エビデンスより、自分の目と手を信じたい。

「エビデンスこそが正しい」と言い切れる根拠は、実は存在しない。
これは決して反エビデンスではなくて、僕の仕事の“土台”の話。
美容の世界にもたくさんのエビデンスがある。
たとえば、「この成分は髪に優しい」とか、「この施術方法ならダメージが少ない」とか、「この頻度で通えば育毛効果がある」とか。
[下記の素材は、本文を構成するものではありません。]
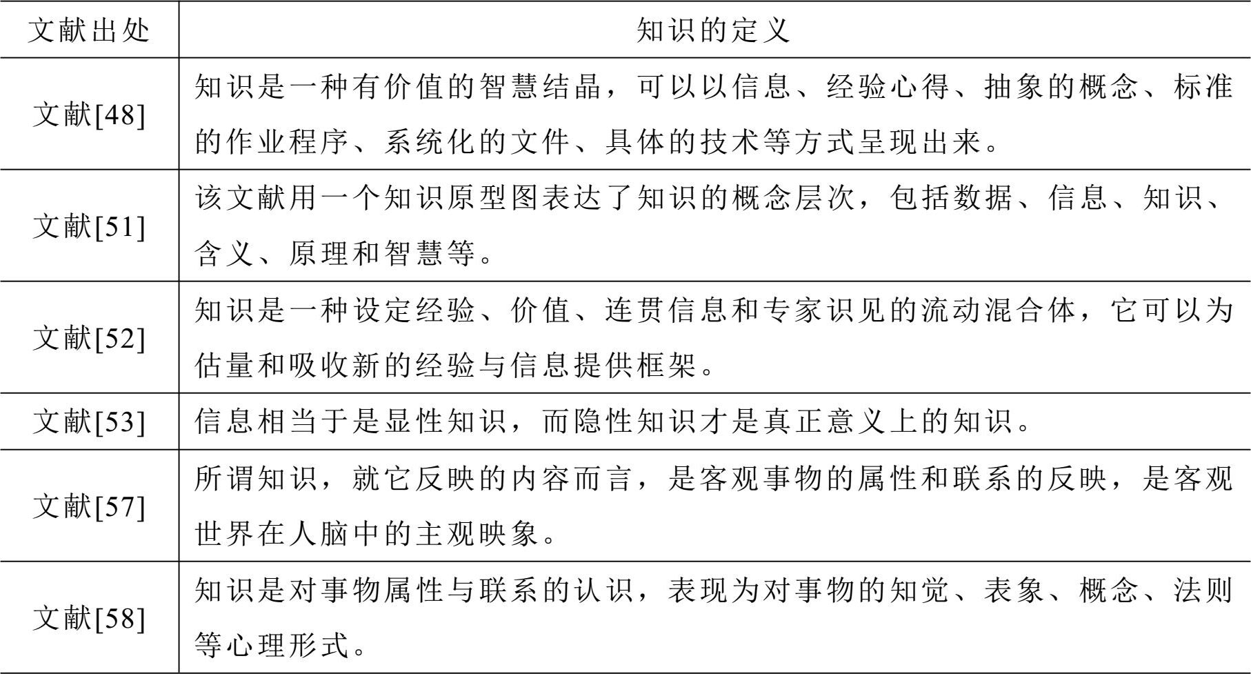 此外,图2-1清晰地表现了数据、信息(显性知识)、知识和智慧之间的关系。在知识管理理论界,上面所描述的知识是一个重要的基本概念,但是,在大多数的知识管理理论中,所谓知识涵盖了图中的信息和知识两个层面,而本书所采用的知识定义亦是这种广义的知识。

数えきれないほどの研究やデータがあって、それらは確かに貴重なヒントになる。
でも、僕はそれを“鵜呑み”にはしない。
理由はシンプルで、
「エビデンスよりも、自分の経験の方が、ずっと信じられるから」。
この15年以上、世界中の10,000人以上のお客様と向き合ってきた。
一人ひとり違う髪質、頭皮の状態、悩みや希望。
その全部を、目で見て、手で触って、言葉を交わしてきた。
データが語るのは“平均値”。でも、僕が向き合っているのは“その人のリアル”。
だから、髪型を提案するとき、薬剤を選ぶとき、技術を使うとき、
僕の軸は「自分の目と手と感覚」になる。
ぱっと見ただけで、その人の髪や頭皮の状態がなんとなくわかる。
・カラーをしているか
・パーマなのかストレートなのか
・髪のダメージの深さや、過去の施術履歴
触ってみれば、だいたいのことがイメージできる。
それは、本やデータを読んだからじゃなくて、現場で積み重ねてきた“経験値”があるから。
そもそも、エビデンスって、変わる。
数年前まで「正しい」とされていた方法が、
今では「NG」とされていることなんて、ざらにある。
「〇〇成分は安全」とされていたのに、
数年後には「肌荒れの原因になることも」と言われ出す。
実際、そんな変化に戸惑っている人も僕のまわりには多い。
だから僕は、どんなに“良さそう”な理論があっても、
まずは自分の感覚と照らし合わせる。
自分の中で「これは良さそう」と納得できたら使うし、
「ちょっと違うな」と思ったら使わない。
それだけのこと。
そして何より、美容師の仕事って、
「正しさ」より「フィットするか」のほうが大事だと思ってる。
どれだけ成分が優れてても、本人に合わなければ意味がない。
どれだけ流行っていても、その人が自分らしくいられなきゃ意味がない。
だから僕は、トレンドにも性別にも年齢にも人種にも縛られない。
「この人には、これが似合う」っていう“固定概念”もできるだけ持たない。
その人が、その人らしく生きられる髪型。
それを見つけるために、僕は“エビデンス”じゃなくて、
その人と向き合い、感じて、自分の目と手で確かめることを選びたい。